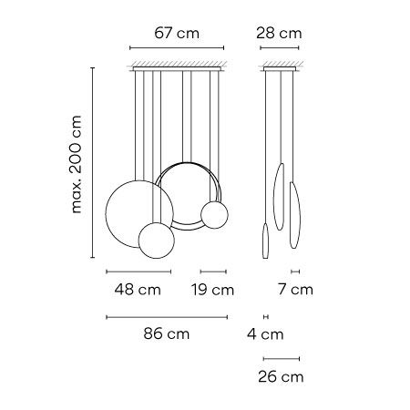 Коллекция подвесных светильников Cosmos разработана дизайнерами Lievore, Altherr, Molina и состоит из подвесных световых скоплений сплющенных форм разных размеров, которые создают оптическую иллюзию висящих сфер, которые, кажется, плавают в воздухе.
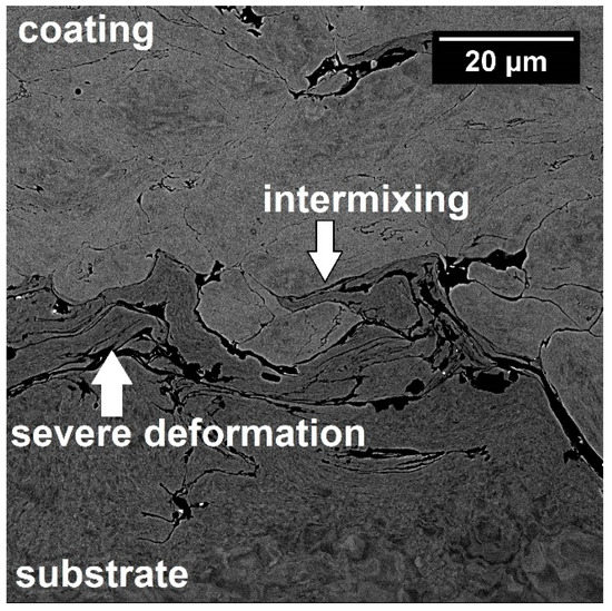 The OM cross section images recorded for the CGS coatings deposited in this study are shown in Figure 5a–h. In these images, it can be observed that all the coatings showed the densified and typical structure of CGS coatings, with the deformed powder particles forming the lamellae/splats structure, clearly seen in the etched samples. The etching also revealed the severe grain deformation in the periphery of the particles. In addition, the Figure 6 presents an example of interface substrate/coating revealing the severe deformation of the carbon steel substrate and the intermixing between the coating and substrate materials, which are anchoring mechanisms of the CGS coatings [21,22,23]. The coating/substrate interfaces also did not present inclusions of alumina from sandblasting preparation process nor delamination.
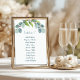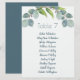 Botaniska eukalyptusblad, bröllopsbord nummer på pappersark med namnlista. Ljusgrönt papper - visas här i det tjockaste 17,5 vikt, i största storlek - har fet, blågrön tryckt teckensnitt högst upp för bordnumret och en lista med namn i handskriven stil under. Kombinera namn om det behövs eller lämna mellanrum. En böjd girlang av grönska pryder toppen. Naturtemat fungerar för många typer av bröllop, inklusive rustika och utomhusbröllop. Häng upp på någon form av bakgrund som passar ditt bröllopstema för att på ett enkelt sätt hjälpa gästerna att hitta sina bord. Baksidan är tom i enfärgat mörkblått-grått. Om större papper behövs kan denna design överföras till en affisch eller 8x

### WHAT IS EXPECTED
Faithful copy, images left out: write out every line of data.

### SOLUTION FOR THIS EXERCISE
 Коллекция подвесных светильников Cosmos разработана дизайнерами Lievore, Altherr, Molina и состоит из подвесных световых скоплений сплющенных форм разных размеров, которые создают оптическую иллюзию висящих сфер, которые, кажется, плавают в воздухе.
 The OM cross section images recorded for the CGS coatings deposited in this study are shown in Figure 5a–h. In these images, it can be observed that all the coatings showed the densified and typical structure of CGS coatings, with the deformed powder particles forming the lamellae/splats structure, clearly seen in the etched samples. The etching also revealed the severe grain deformation in the periphery of the particles. In addition, the Figure 6 presents an example of interface substrate/coating revealing the severe deformation of the carbon steel substrate and the intermixing between the coating and substrate materials, which are anchoring mechanisms of the CGS coatings [21,22,23]. The coating/substrate interfaces also did not present inclusions of alumina from sandblasting preparation process nor delamination.
 Botaniska eukalyptusblad, bröllopsbord nummer på pappersark med namnlista. Ljusgrönt papper - visas här i det tjockaste 17,5 vikt, i största storlek - har fet, blågrön tryckt teckensnitt högst upp för bordnumret och en lista med namn i handskriven stil under. Kombinera namn om det behövs eller lämna mellanrum. En böjd girlang av grönska pryder toppen. Naturtemat fungerar för många typer av bröllop, inklusive rustika och utomhusbröllop. Häng upp på någon form av bakgrund som passar ditt bröllopstema för att på ett enkelt sätt hjälpa gästerna att hitta sina bord. Baksidan är tom i enfärgat mörkblått-grått. Om större papper behövs kan denna design överföras till en affisch eller 8x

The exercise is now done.